MINNEAPOLIS (WCCO) —  Ten years ago the Minnesota Legislature passed a law requiring passengers and drivers to wear seat belts. Since then, hundreds of lives have been saved each year.

The Minnesota Department of Public Safety credits the efforts of one family who fought to strengthen Minnesota’s seat belt laws in the wake of their daughter’s death for making it all possible.

In 1999, 15-year-old Meghan Cooper died after being ejected in a crash from the rear seat of a car. Officials say she was not wearing a seat belt.

“After Meghan’s death, I was tormented with ‘why did this happen,’” said Meghan’s mother, Kathy Cooper. “I learned that to help prevent others from facing my heart-breaking reality, the seat belt law had to change.”

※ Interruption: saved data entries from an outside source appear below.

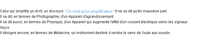 Ancienne signification éditée en 1835 pour le terme « amplificateur » par l’Académie Française.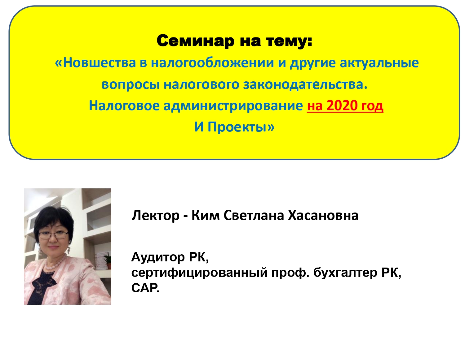 Презентация: Изменения в Налоговом Законодательстве на 2020 год (г. Астана, 10 февраля)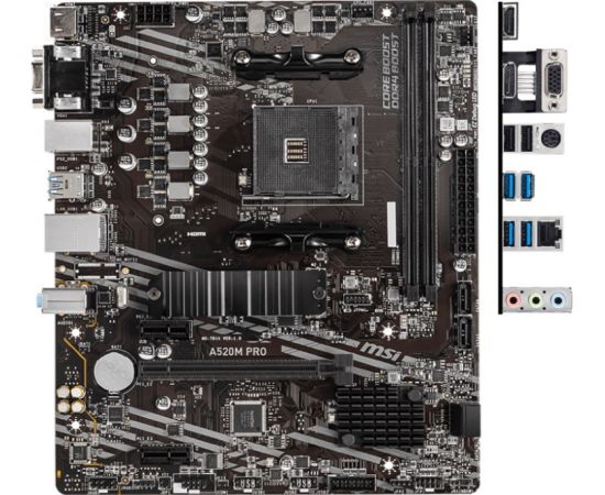 Материнская плата MSI A520M PRO, AMD A520, 2xDDR4-4600, HDMI/DP/VGA, 1xPCI-Ex16, 2xPCI-Ex1, 4xSATA3, 1xM.2, Glan, 6xUSB2.0, 6xUSB3.2, 1xPS/2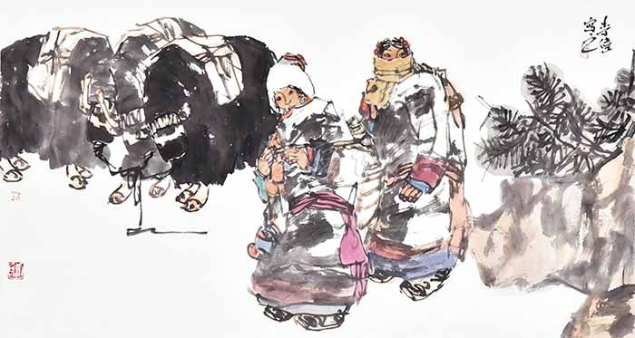 “面对丰富的生活景象,每个人的理解和喜爱都会不同。在题材的选择上,我主要侧重于西部地域特色的挖掘,表现我比较熟悉的高原藏民生活。”李伟坚持从甘肃的自然风貌和民俗民情中提练绘画语言,敏锐地捕捉感动心灵的审美素材。其笔下的甘南藏区风情画,浓墨巨笔,大块的黑墨中透着空灵,冷默静滞中夹藏着神秘,传神写心,风貌独具。作品笔墨浑厚,构图奇崛,充满悟性和灵性,体现出其高超的山水写生水准和与众不同的艺术观念。其笔下的人物形象表情无丝毫矫揉造作,自然而不拘束,有着永恒而且优美的审美特点,能够让观者增加对其生活状态、生活经历的联想,同时也使画面内涵变得丰富起来。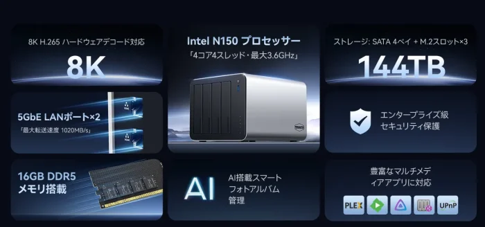 TERRAMASTER F4-425 PlusはHDDが4ベイ、M.2 SSDスロットが3基、3+4ベイ構成で最大144TBの大容量ストレージを構築可能なハイブリッドNASです。CPUにIntel N150とRAMは16GB DDR5メモリを搭載し、デュアル5GbE高速ネットワークにより最大1010MB/sの超高速転送を実現、そしてスマホアプリによる管理やAIによるプライバシー保護機能も搭載します。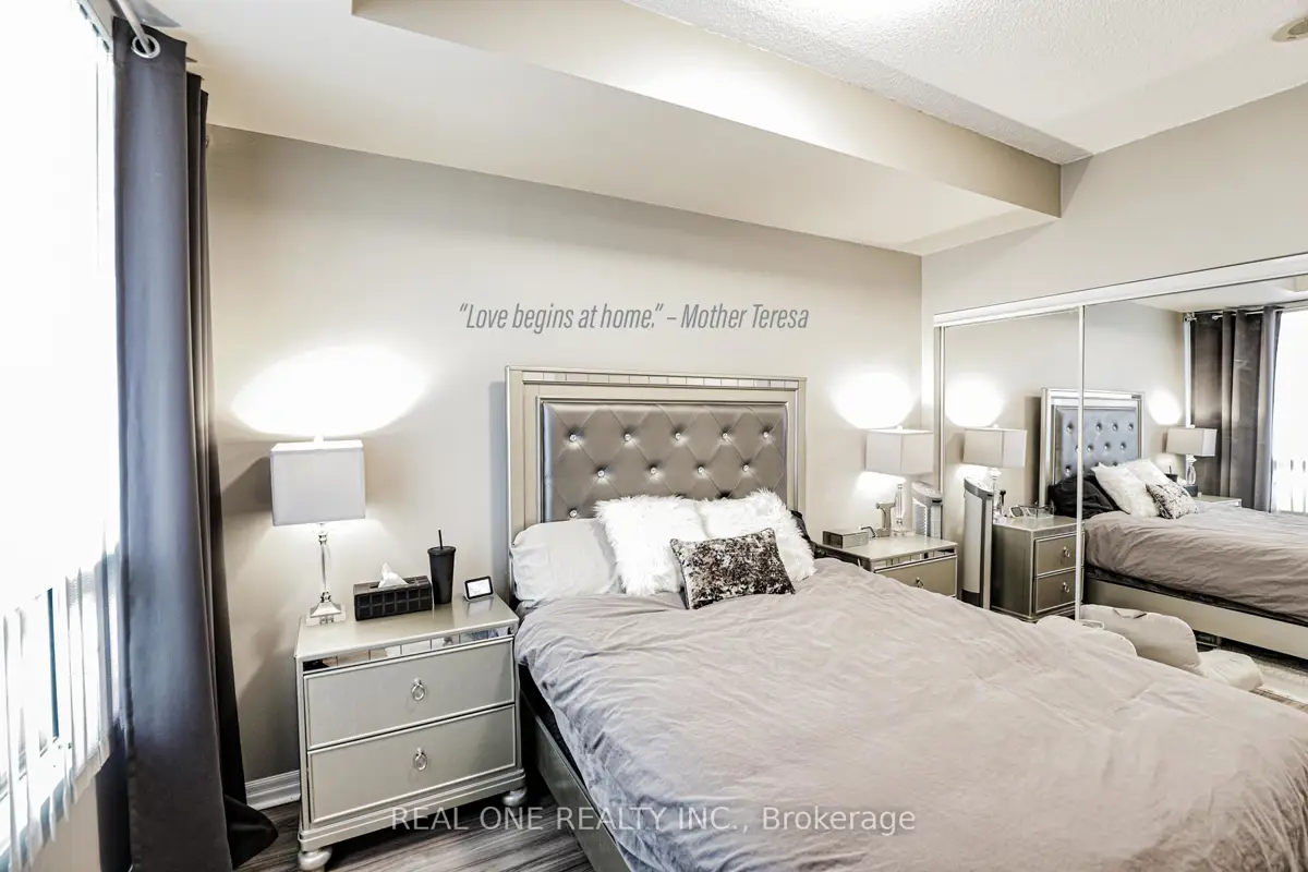 Experience elevated urban living in this expansive suite, featuring a rare king-sized primary bedroom plus a versatile den and two full bathrooms. Floor-to-ceiling windows lead to a large private balcony, offering breathtaking, unobstructed sunset views every evening. The chef-inspired kitchen boasts premium granite countertops, perfect for entertaining. Convenience is unmatched with underground parking situated steps from the entrance. Enjoy world-class amenities including 24/7 security, a pool, gym, and social rooms-all located minutes from Square One, major highways, and Rockwood Shopping Mall.
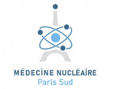 Fusion d’un atome et de la silhouette de la tour Eiffel, le logo du Service de Médecine Nucléaire - Paris Sud adopte les tons bleus et argentés pour signifier la dimension technologique de la pratique.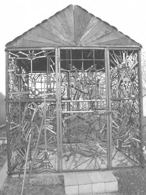 "I like the tool shed because it was one of Mike's last and biggest efforts," says his wife, Mary. "He had been diagnosed with cancer and was trying to use up his tool supply."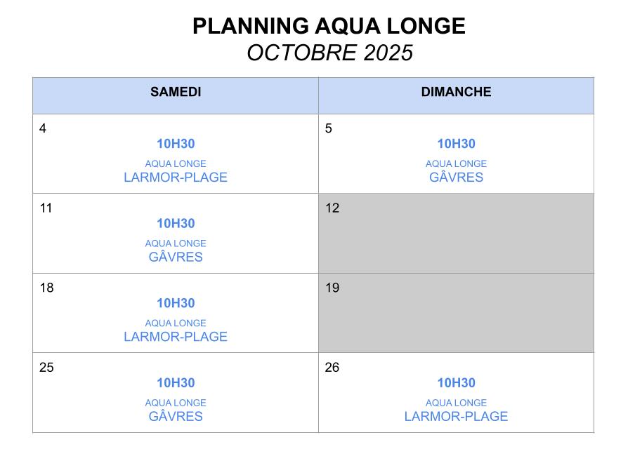Le matériel aquatique (frites, gants palmés, haltères, etc…) est fourni pour l’activité.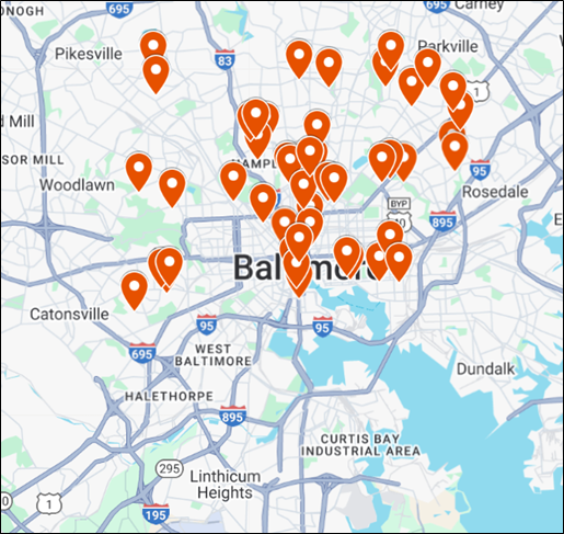 In September, we began outreach to promote the pilot program. We worked with DOT – Community Engagement to provide promotional materials and information on the program to community associations and at citywide events. In addition to Community Engagement’s work, the Transportation Services division attended (virtually or in-person) nine community association meetings and public events, such as Charm City Live and a community resource fair in West Baltimore.

In 2009, the state’s primary seat belt law took effect in honor of Meghan.

In the year before that law passed, 152 unbelted motorists lost their lives on Minnesota roads. In 2018, 92 unbelted motorists died.

“My family joined with others to change the law so that every person, in every seat, must give themselves a chance to survive a crash by buckling up,” said Cooper. “From my perspective, Meghan gave her life to save so many.”

According to the 2018 Minnesota Seat Belt Survey, 92.4% of front seat occupants wear their seat belts.

On Monday, the Minnesota Department of Public Safety kicked off its annual ”Click It or Ticket’ campaign to remind motorists that seat belts and car seats will protect them in a crash.

Over 300 law enforcement agencies statewide participate in extra enforcement and education. This year, the campaign runs from May 20 through June 2.